Ich bin sicher kein Freund religiöser Fanatiker, aber militärisch ist dieser Konflikt nicht zu lösen.

Außerdem macht der NATO-Afghanistaneinsatz Europa zur Zielscheibe der Terrors!

Fisch^^Fisch
30.03.2010 19:33

Die meisten Soldaten sterben durch zusammengeschusterte Sprengsätze. Die werden die USA wohl kaum in den 80ern geliefert haben,...

Diese Ausrüstung existiert heute kaum mehr. Von abgeschossenen Flugzeugen hätte ich in Afghanistan nichts gehört. Ergo dürften zumindest die gelieferten Stinger nicht mehr existent sein.

Karl Heiden
29.03.2010 22:26
Vor allem die jungen Männer bilden angesichts der sozialen Krise den Humus für islamische Radikalisierung

Diese Analyse trifft exakt auch für den Gaza-Streifen und die Westbank zu: Junge arbeits- und perspektivenlose Männer bilden das Reservoir, bei dem die Extremisten ins Volle für ihre Rekrutierung neuer "lebender Bomben" greifen können. In Tschetschenien gibt es zusätzlich noch das Phänomen der von den russischen Streitkräften geschaffenen "schwarzen Witwen".

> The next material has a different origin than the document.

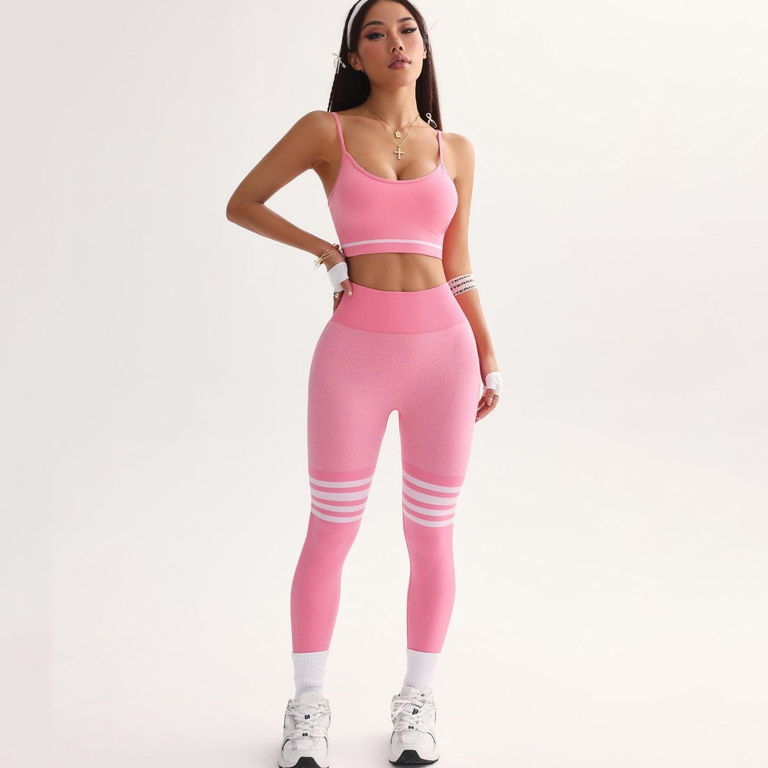 Striped Suspender Bra Hip-lifting High-waist Leggings Yoga Set

bösartigster Schlechtmensch
29.03.2010 15:18
strukturschwach, wirtschaflich schwach

und enormes Bevölkerungswachstum.
Ich fasse das unter dem Begriff Kriegsvorbereitung zusammen.

Ava Tar
29.03.2010 13:59
Die Wr. U-Bahn ist ein genauso weiches Ziel

Drum nicht in fremden Ländern morden gehen es kommt zurück nach Hause.

anke wiesen
29.03.2010 20:20
schön erkannt

genau;)..stichwort irak und anfganistan

Ava Tar
29.03.2010 19:39

Die drei Rotstrichler, die gern in andere Länder morden gehen möchten, sind freundlich eingeladen, zur deutschen Staatsbürgerschaft zu wechseln. Dort hat man kein Problem damit. Wir gottseidank schon.

Ex-Muslim
29.03.2010 15:43

Deine Kommentare wirken manchmal wie Tipps und gefährliche Drohungen.

Sag mir wenns so weit ist. Dann nehm ich den Bus. Ok?

sisosa
29.03.2010 13:55
sehr

interessantes interview...

Cranio-schamanischer Bachblütenakupunkteur C30
29.03.2010 15:29

Ja, sehr erfreulich dass hier jemand inhaltlich argumentiert. Die unsäglichen flachen "Putin-ist-schuld"-Kolumnen von Kirchengast kommen aber eh noch ;-)

Kirchengast
30.03.2010 09:16

Putin ist Schuld

Dante Alighieri
29.03.2010 14:50

V.a. weil es mittlerweile vollkommen akzeptiert zu sein scheint jemandem ohne jegliche Beweise die Schuld zu geben.